—¡Oh, no! Si no me permitirán verla. Dejo la maleta al portero y vuelvo en seguida.

Unos minutos después estaba de regreso. Se sentó en el taxi junto a Aldo y éste se apresuró a abordar el tema.

—Acabo de darle a su señora el nombre y la dirección de un abogado de valía. Parece ser que hasta ahora la han defendido muy mal.

—¡Ah, eso sí que es verdad! Jamás debería haber acabado en la cárcel. Y si no fuera por ese mentiroso de secretario...

—Ya estoy al corriente de eso —la cortó Morosini—. Me gustaría que me hablara del que ha desaparecido, un tal Ladislas Wosinski, que entró a servir en la casa con un nombre falso. Aunque no me explico por qué se tomó la molestia de cambiarse el nombre, puesto que sir Eric nunca había oído hablar de él.

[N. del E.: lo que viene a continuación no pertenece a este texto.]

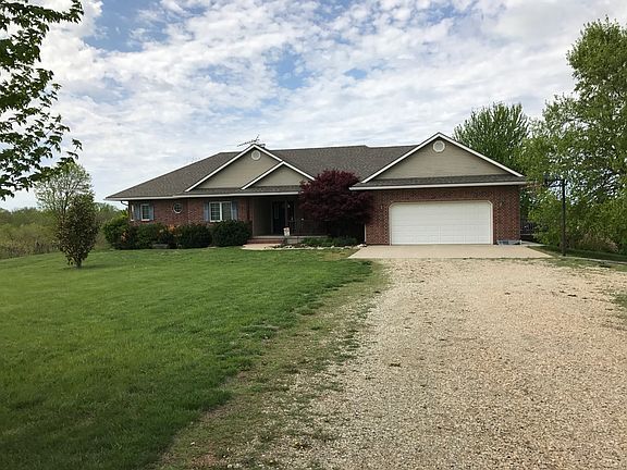 Remodeled walkout ranch on 25 acres just 2 miles west of town. Two ponds, lots of fruit and flowering trees, nut trees, new roof (2016), steel siding. Beautiful views from many windows in house or from large deck. Perfect for seeing deer, turkeys, quail. Markowitz custom built home with large rooms, hardwood floors, crown molding, John Deere room, lots of closet space, granite countertops, Pella windows, 9 ft ceilings throughout with vaults in living, dining and master, 2 fireplaces, and much more. Will work with buyer's agent.

—Sir Eric no, pero el señor conde se habría puesto furioso si se hubiera enterado de que estaba en la casa. Mi tesoro se habría visto en un buen aprieto.

—Supongo que a estas alturas el conde ya lo sabe. Ayer le vi llegar a la mansión de Grosvenor Square. No se quedó allí mucho rato y al salir parecía furioso, aunque hacía esfuerzos por contenerse.

Wanda alzó los ojos al cielo y juntó las manos al rememorar lo ocurrido.

—¡Oh! El señor conde tuvo una tremenda discusión con Sutton a causa de lo que éste había hecho y también a causa del criado polaco, pero gracias a Dios el secretario sólo conoce a un tal Stanislas Razocki y el señor conde no sabe más que él.

—¿Qué es eso de «gracias a Dios»? Resulta que un hombre ha obligado a su señora a acogerlo en su casa, ha asesinado a su marido y luego ha huido cargándole el muerto, y a usted le parece que todo va perfectamente.

—Pues claro que sí. Ladislas Wosinski es un patriota de corazón noble, y si ha matado ha sido para proteger a la mujer de la que está enamorado..., porque todavía la quiere con toda su alma. Seguramente oyó cómo su marido la insultaba a gritos un poco antes.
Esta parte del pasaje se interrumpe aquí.